Why is my Atmega328P U running at 177kHz?

If that statement even makese sense because clock speed is probably not the same as the execution speed of loop()?

I am using an Arduino UNO R3 with an Atmega328P U on top.

As I'm rather new to microcontrollers I would like to understand "how fast" they are. Particularly because when it comes to data transmission I'm aware that there's some limitations to what I'll be able to do.

However, I thought I can go simple about it and just see how many times I can increment a counter for each loop. Since printing something to the console takes time I count up for two seconds (=2,000,000 mircoseconds) and divide by two:

unsigned long startTime = micros();
unsigned long counter = 0;

void loop() {

  unsigned long elapsedTime = micros() - startTime;

  if (elapsedTime >= 2000000) {
    Serial.println(counter >> 1);
    startTime = micros();
    counter = 0;
  }

  counter += 1;
}

Unless I have an error, it looks like the loop() runs at around ~177kHz which is not really what I expected:

18:07:37.715 -> 176716
18:07:39.706 -> 176716
18:07:41.721 -> 176716
18:07:43.718 -> 176716

Am I missing something here?

This article states that it would run either at 8MHz or 128kHz depending on its configuration.

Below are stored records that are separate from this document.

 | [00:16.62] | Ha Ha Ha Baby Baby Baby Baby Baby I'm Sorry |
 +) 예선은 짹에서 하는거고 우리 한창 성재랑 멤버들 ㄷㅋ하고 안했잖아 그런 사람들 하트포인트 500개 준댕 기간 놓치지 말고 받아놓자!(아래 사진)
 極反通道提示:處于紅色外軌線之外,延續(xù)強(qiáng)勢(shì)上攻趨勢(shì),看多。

How can I use the 8MHz oscillator and why am I seeing 177kHz instead of 128kHz?

With 'counter' I suppose you are trying to measure loop() execution time. But I'm not at all clear, why you think this should run at 128kHz or for that matter, and any known rate?

When you compile the code, what you end up with is some arbitrary number of machine cycles measured in this case, in a few hundred. There is also some overhead in the repetitive call to loop() that the core makes.

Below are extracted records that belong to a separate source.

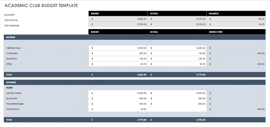 Academic Club Budget Template in Word Excel Google Sheets Google
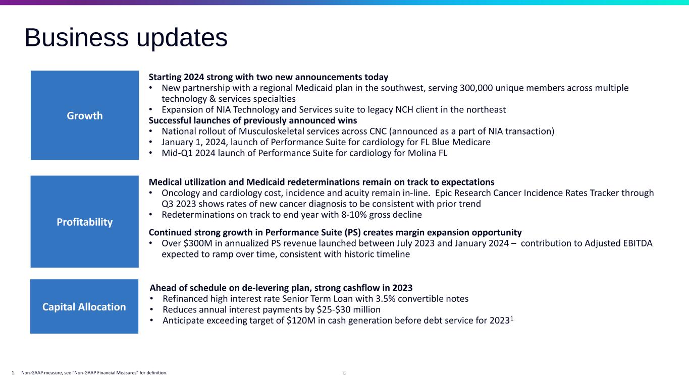 Starting 2024 strong with two new announcements today • New partnership with a regional Medicaid plan in the southwest, serving 300,000 unique members across multiple technology & services specialties • Expansion of NIA Technology and Services suite to legacy NCH client in the northeast Successful launches of previously announced wins • National rollout of Musculoskeletal services across CNC (announced as a part of NIA transaction) • January 1, 2024, launch of Performance Suite for cardiology for FL Blue Medicare • Mid-Q1 2024 launch of Performance Suite for cardiology for Molina FL Business updates Growth Profitability Capital Allocation Medical utilization and Medicaid redeterminations remain on track to expectations • Oncology and cardiology cost, incidence and acuity remain in-line. Epic Research Cancer Incidence Rates Tracker through Q3 2023 shows rates of new cancer diagnosis to be consistent with prior trend • Redeterminations on track to end year with 8-10% gross decline Continued strong growth in Performance Suite (PS) creates margin expansion opportunity • Over $300M in annualized PS revenue launched between July 2023 and January 2024 – contribution to Adjusted EBITDA expected to ramp over time, consistent with historic timeline Ahead of schedule on de-levering plan, strong cashflow in 2023 • Refinanced high interest rate Senior Term Loan with 3.5% convertible notes • Reduces annual interest payments by $25-$30 million • Anticipate exceeding target of $120M in cash generation before debt service for 20231 121. Non-GAAP measure, see “Non-GAAP Financial Measures” for definition.
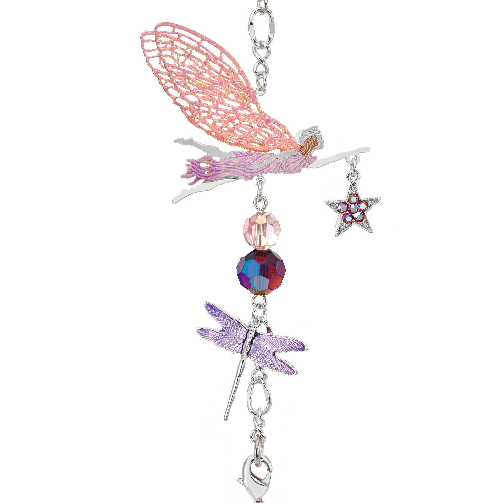 Suspended in enchantment, this shimmer captures a radiant fairy with sparkling wings that glimmer like moonlit dew and gracefully carrying a twinkling star and a magical dragonfly.

The IC has clock options, if you read the data sheet you can find out what they are. But the one you are holding, probably has the standard fixed 16MHz external oscillator.

The 128kHz figure is for a clock configuration that you are not using at all.

So that would actually mean that the clock speed must be higher than 128kHz right?

Otherwise I wouldn't be able to count up 177k-times per second. Therefore I can probably assume that the clock speed is 1MHz or 8MHz (rather 1 than 8)?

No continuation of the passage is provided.